Influence of the electron spill-out and nonlocality on gap-plasmons in the limit of vanishing gaps

TL;DR

This paper investigates how electron spill-out and nonlocal effects influence gap-plasmon propagation in ultra-narrow metal gaps, highlighting the importance of quantum models over local responses for accurate predictions.

Contribution

It compares local and quantum hydrodynamic models, demonstrating the necessity of nonlocal effects for correct behavior as gaps vanish.

Findings

Quantum hydrodynamic model accurately predicts behavior in vanishing gaps.

Local models overestimate losses and show divergence issues.

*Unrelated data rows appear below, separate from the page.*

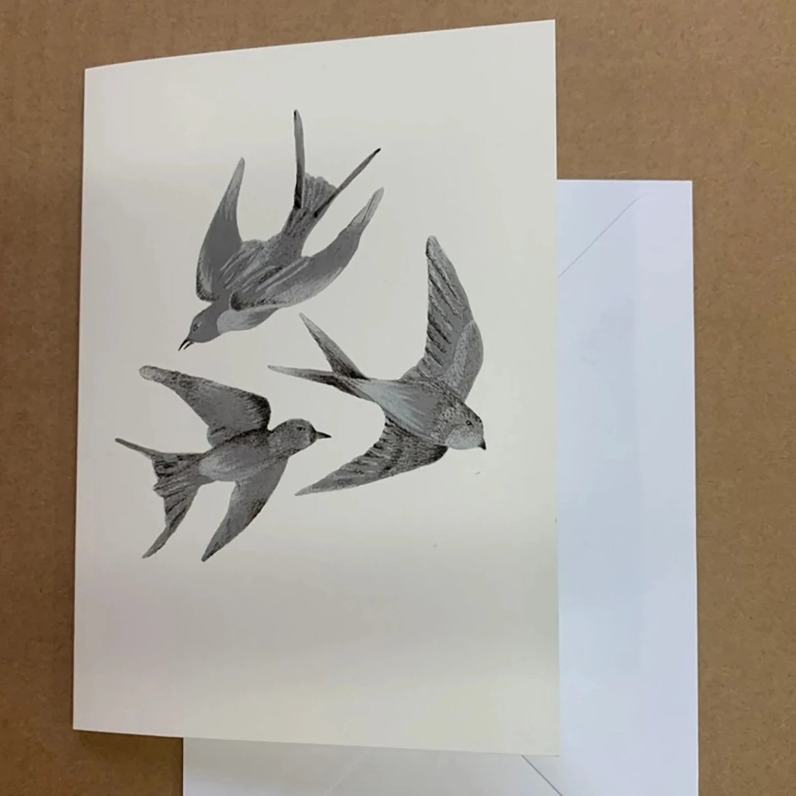Swallows card from Quantum's hand-painted original illustrations, 10.5cm by 14.8cm.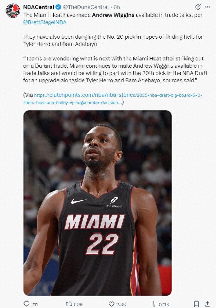 北京時間6月25日,根據NBA記者BrettSiegel的報道,邁阿密熱火隊已經將安德魯-維金斯與首輪20號籤擺上貨架,他們希望通過交易補強陣容,幫助希羅、阿德巴約在季後賽中走得更遠。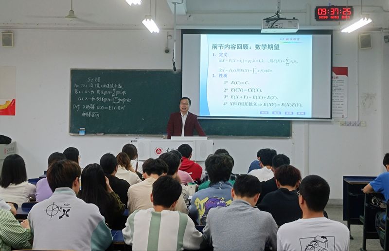 邓寿年老师讲授的内容是《概率论与数理统计》中数学期望和方差的基本性质。首先,邓寿年老师结合例题,对数学期望的概念和基本性质进行了回顾,并通过例题讲解让学生加深了对期望的概念和性质的理解。随后,邓老师结合实际,自然地引入方差的概念,并通过多媒体和板书相结合的方式对方差的性质进行了细致的讲解。邓老师的授课过程重难点的突出,课堂讲授内容娴熟,理论与实际相结合,深入浅出,让学生在课堂上能够清晰地理解概率论中数学期望和方差的概念。同时,邓老师还将课程思政元素自然融入课堂,激励学生大胆创新,引导学生用数学思维思考实际问题。邓老师的教学方式充分调动了学生的积极性和主动性,实现了知识传授、价值塑造和能力培养的多元统一。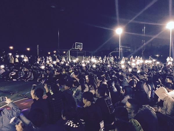 歌会现场,同学们热情高涨,在夜色中挥动手机闪光灯照亮整个会场,将篮球场变成了欢乐的海洋。伴随着信工院员工会助理们的开场秀,傅立军老师致开场词后,晚会正式开始。每个新生班推选的歌唱节目一个比一个精彩,表演者们在台上一展歌喉,动听的歌声令人流连忘返。在期间安排的小游戏互动环节,更是拉近了信工院与彩虹鱼康复护理学院员工之间的距离,伴随越发精彩的节目,活动现场高潮不断,尖叫声欢呼声此起彼伏。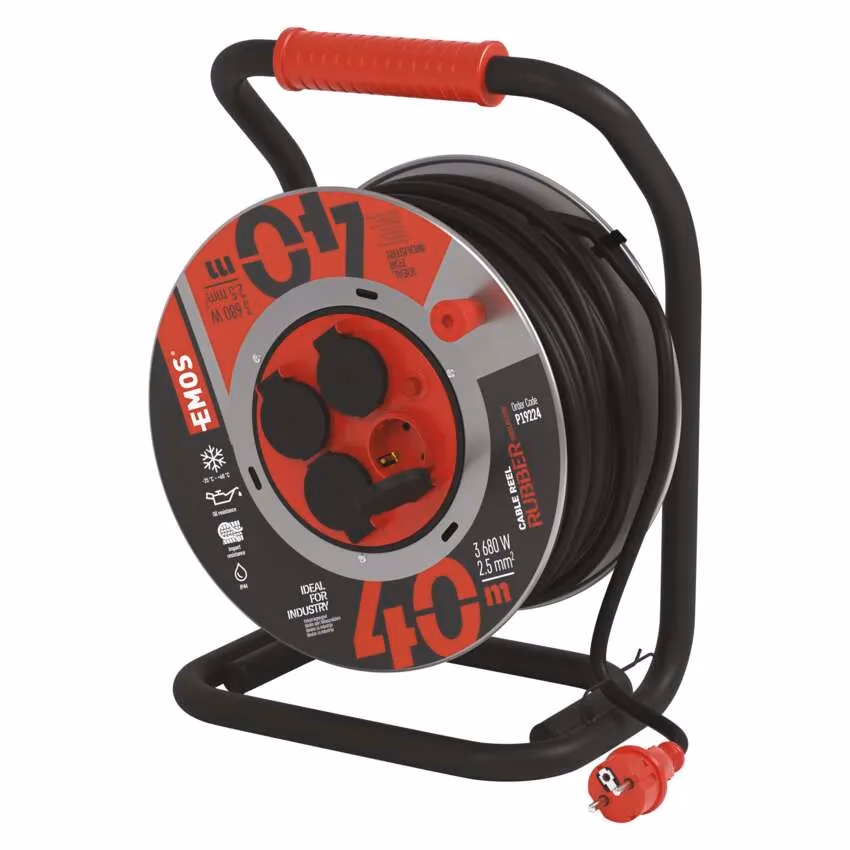 Megbízható segítség minden szakembernek – hosszabbító kábel robusztus szerkezetű orsóval és fémházzal. Lehetővé teszi akár négy villamos berendezés csatlakoztatását. Köszönhetően a 2,5 mm² átmérőjű vezetéknek a teljesen letekercselt kábel akár 3 680 W (16 A) túlterhelést is képes kezelni. Nagy előnye 40 m hossza, amely rugalmas, korlátozásmentes munkavégzést tesz lehetővé. A H07RN vezeték ellenáll közepes és nagy mechanikai igénybevételnek. A hosszabbító vezeték nedves környezetben is használható, mivel vízálló, továbbá -25 °C és +60 °C között hőálló is.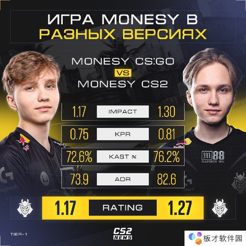 据外媒数据统计,去年CSGO时期m0NESY打出1.17 rating、0.75 KPR和73.9 ADR数据,而到了CS新版本发布后,所有数据都有明显提升,打出1.30 rating、0.81 KPR和82.6 ADR。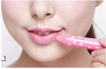 2 不用描画唇线,而是用接近肤色的肉粉色唇彩笔描画外轮廓,消除了唇部轮廓与周围肤色的反差,与肤色自然融合。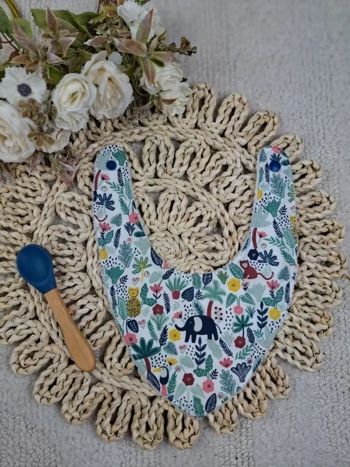 dimension du bavoir : - Environ 14 cm de hauteur à partir du col sur 19 cm de large - composition tissus 100 % coton et éponge 94% Coton 6% Polyester - Finitions surpiqûres. - Lavage en machine à 40° après un premier lavage à 30 ° - ⛔️ Pas de sèche linge #LaboutiquedeCharliebavoirbebe

Effective gap width can approximate quantum effects in local models.

Abstract

We study the effect of electron spill-out and of nonlocality on the propagation of light inside a gap between two semi-infinite metallic regions. We compare the predictions of a local response model taking into account only the spill-out, to the predictions of a quantum hydrodynamic model able to take both phenomena into account. We show that only the latter is able to correctly retrieve the correct limit when the gap closes, while the local model suffers from undesirable features (divergence of the fields, overestimation of the losses). Finally, we show that, to a certain extent, the correct results can be retrieved using a simple local approach without spill-out or conventional Thomas-Fermi approximation, but considering an effective gap width.